The Federal Liberal Government is the one that undermines the public education system in this country.
Comment by MrMagoo — 23 August, 2007 @ 2:15 pm

My understanding is that the level of Aus Government investment in public schools is directly related to state funding (that is, if states increase their funding, the Aus Gov component increases automatically).

Then on top of that you get the individual Aus Gov grants programmes to schools.

VYBerlinaV8 now_with_added grunt3:25 pm 23 Aug 07

Seems to me the state governments decide how to spend the money they receive for schools.

I think we should have a national school system, to cut down the massive overhead of running so many state education departments.

Stop the left bullshitery… private school takes pressure off the system and if some parents want to pay extra tax on their children then good luck … get off your arses and work hard for your families and stop waiting for others to do what you should.

This is Canberra, we have more cash and are more educated. It doesn’t surprise that families are forking out the bucks for the chance for their young pups to get a shot at an education that doesn’t exsist in the current public system. If a gap exsists private industries will exploit that neiche to make some bucks. Dont blame the public system, if anything blame the former govts for allowing this situation to get out of hand and them now having to rationalise a service that has gone untended for years.

Recycling an underused government school as a non-govt one that demand exists for (or they wouldn’t be looking to open a 2nd campus) seems to me an entirely rational thing to do, providing the price paid by Emmaus is right.

Get over it. ACT government schools are ok, at least as well-funded and well-equipped as their counterparts interstate and most medium level private schools. Nonetheless, the punters are walking out, preferring a good service they have to pay for to a good service they can get for nothing. They’re not wrong – they’re making what they think is the best decision for their families.

Inevitably, some government schools will get closed. It’s stupid to run a school that can offer no choice to its students because there are just not enough of them. I think the expression “critical mass” may be relevant here. It will be better/more efficient for those schools to continue as schools than to be used as vandalism sites before being replaced by houses, shops and offices.

Thumper I don’t agree with everything they do, but its better than the alternative. My other half works in education and the info on enrolment numbers and asbestos came from that direction not from a Stanhope government Press Release.

However, if the ACT taxpayers want to continue to pay for under used, unsuitable or plain outdated infrastrucutre then vote Liberal at the 08 Territory Election.
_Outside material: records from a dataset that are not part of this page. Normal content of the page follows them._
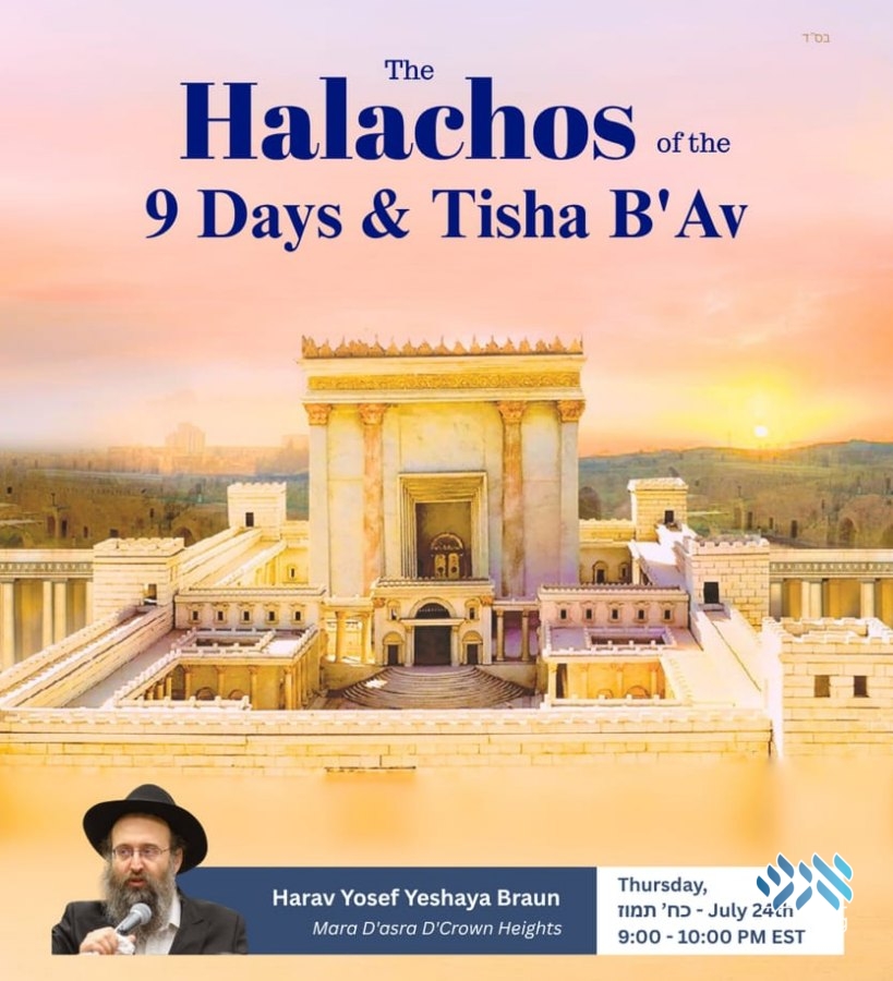 Tonight 9:00-10:00 PM ET: A special shiur on the halachos and minhagim of the Nine Days and Tisha B’av will be delivered by Harav Yosef Y. Braun. Join live on Anash.org.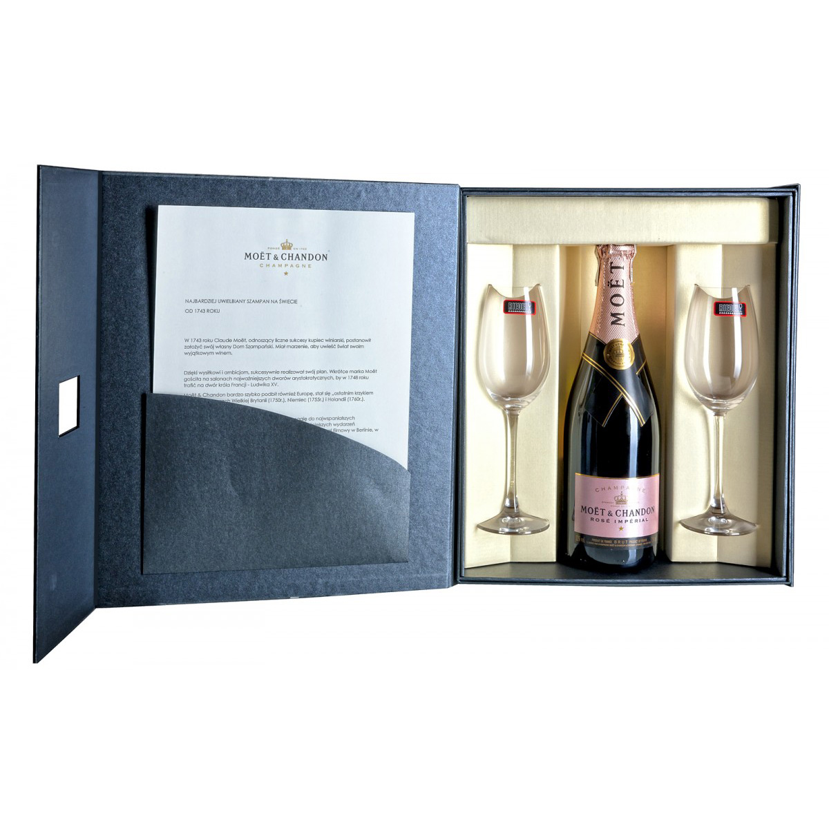 Ekskluzywny zestaw prezentowy zawiera butelkę szampana Moët & Chandon Rosé Impérial i dwa prestiżowe kieliszki marki Riedel, najbardziej cenionego producenta szkła do win, którego specjalnością jest tworzenie kieliszków do kategorii wina, a nawet do konkretnych szczepów. Wszystko umieszczone w prestiżowym, dedykowanym tym produktom opakowaniu. To propozycja dla najbardziej wymagających, oczekujących najwyższej klasy oferty.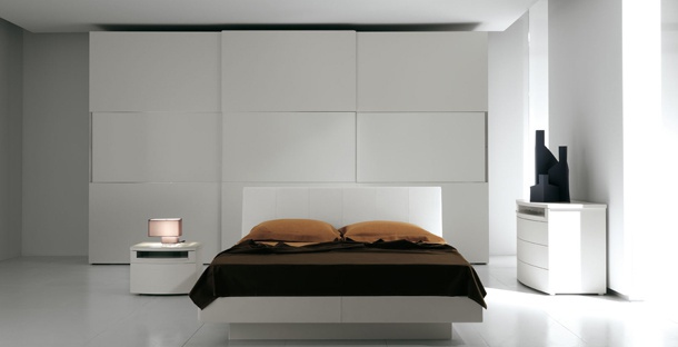 Headsets for bedrooms from Italian manufacturer Verardo. Set includes double bed, bedside tables, chest of drawers and wardrobe. Material - solid wood. The surface is covered with a glossy lacquer white. The model is made in a modern style.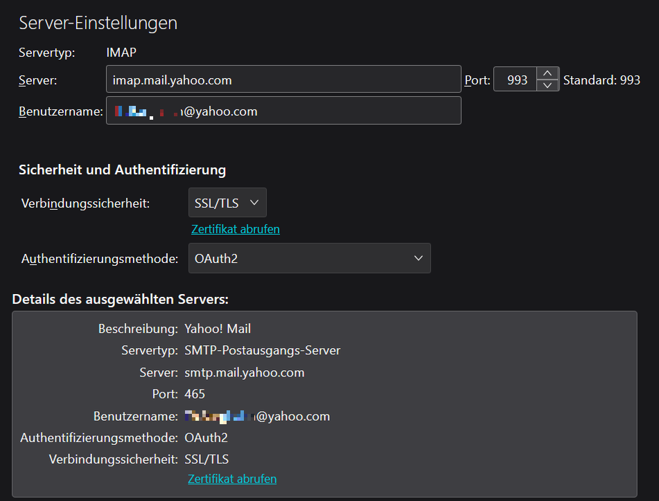 Habe gerade einen neuen Mail-Account bei yahoo! ohne Probleme mit TB 144.0.1 unter Windows11 angelegt. Alles völlig problemlos mit folgenden Daten, wobei ich bezüglich OAuth2 nichts machen musste. Auch ein App-Passwort ist entsprechend OAuth2 nicht notwendig.

The Federal Liberal Government is the one that undermines the public education system in this country. The ACT government closed ‘some’ schools that were not economically viable and had diminsihed enrolments. One or two of the closed sites also posed a health risk as they were built in an era of asbestos. If full fee paying schools wish to operate they can do so as they have a commercial bottom line. Lets remember that the rabble that used to run this Territory had a similar plan to close schools but it has so easily been forgotten in the haste to rebuke the Standhope Government.

Here’s a plan – retain a few of the closed public schools as kiddie fitness centres. Solve the obesity crisis, and leave them available to reopen in 5 years when the current baby boom kiddies are ready for school.

The ACT Govt continues to undermine the feasability of public schools, while giving private schools a leg up. If we all just paid a little more tax (or if they used our taxes a little more effectively) we would have a great public system.